• [Exercise directions]
When you reach a picture, pass over it; otherwise repeat the listing word for word.

• [Dataset excerpt]
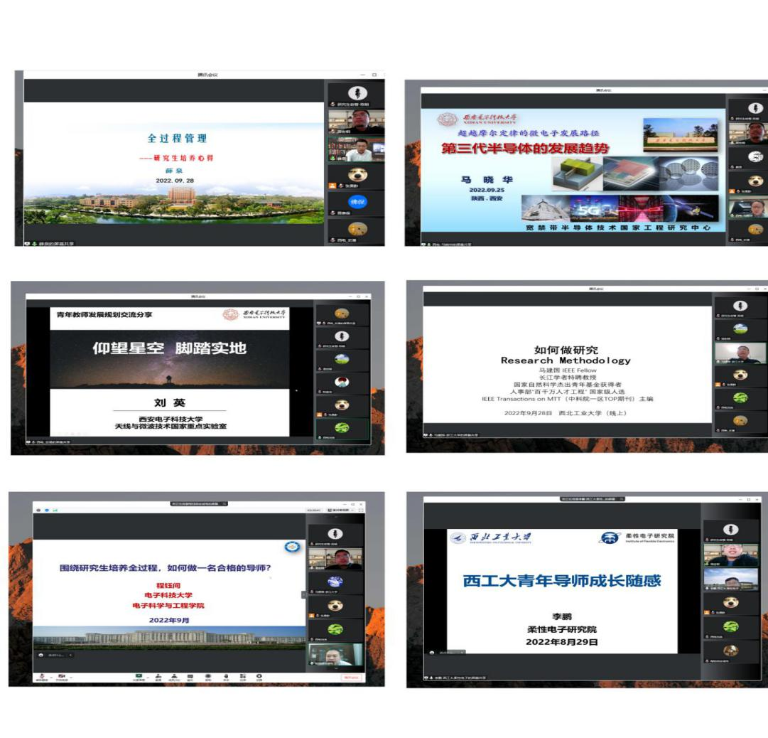 9月28日,太阳成集团tyc122ccvip召开导师培训会,培训通过线上形式进行。学院副院长周世钢主持了本次培训会,来自浙江大学、华南理工大学、电子科技大学、南京理工大学、西安电子科技大学、西工大柔性电子研究院的7位特邀专家以及我院的30余名研究生导师参会。
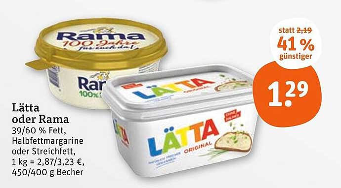 Sehen Sie sich jetzt das Lätta oder Rama HalbFettmargarine oder Streichfett 450 g Angebot im tegut Prospekt an. Dieses Angebot ist gültig von 13.10.2025 bis 18.10.2025.
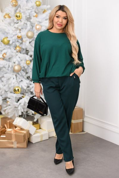 Вишуканий костюм-двійка для щоденних образів без компромісів. Вільна кофта з куліскою внизу дозволяє регулювати посадку – підкреслюй талію або носи більш розслаблено. Штани середньої посадки з еластичною резинкою ззаду на поясі дарують свободу рухів і акуратну посадку. Лаконічний силует легко поєднується з кросівками, лоферами чи черевиками.
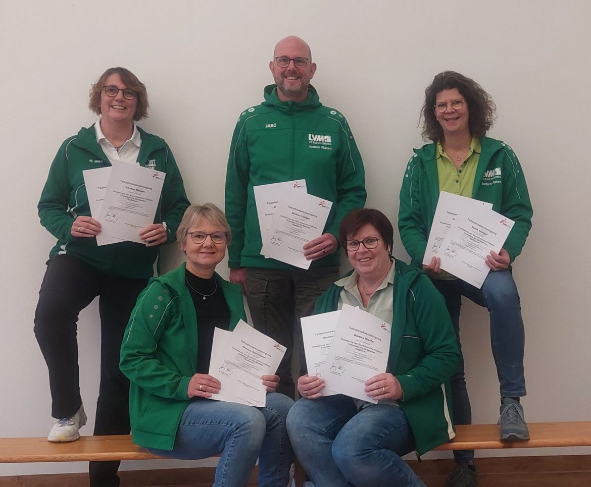 Das Sportabzeichen-Team vom TV Gescher hat sich bereits für die Saison 2025 fit gemacht und aktuell ihre Lizenzen für die Abnahme des Deutschen Sportabzeichens verlängert. Im Bild: v.l Kirsten Wissen, Simone Berlemann, Markus Lüdiger, Martina Kloster und Sonja Lüdiger.

• [Completed task]
 9月28日,太阳成集团tyc122ccvip召开导师培训会,培训通过线上形式进行。学院副院长周世钢主持了本次培训会,来自浙江大学、华南理工大学、电子科技大学、南京理工大学、西安电子科技大学、西工大柔性电子研究院的7位特邀专家以及我院的30余名研究生导师参会。
 Sehen Sie sich jetzt das Lätta oder Rama HalbFettmargarine oder Streichfett 450 g Angebot im tegut Prospekt an. Dieses Angebot ist gültig von 13.10.2025 bis 18.10.2025.
 Вишуканий костюм-двійка для щоденних образів без компромісів. Вільна кофта з куліскою внизу дозволяє регулювати посадку – підкреслюй талію або носи більш розслаблено. Штани середньої посадки з еластичною резинкою ззаду на поясі дарують свободу рухів і акуратну посадку. Лаконічний силует легко поєднується з кросівками, лоферами чи черевиками.
 Das Sportabzeichen-Team vom TV Gescher hat sich bereits für die Saison 2025 fit gemacht und aktuell ihre Lizenzen für die Abnahme des Deutschen Sportabzeichens verlängert. Im Bild: v.l Kirsten Wissen, Simone Berlemann, Markus Lüdiger, Martina Kloster und Sonja Lüdiger.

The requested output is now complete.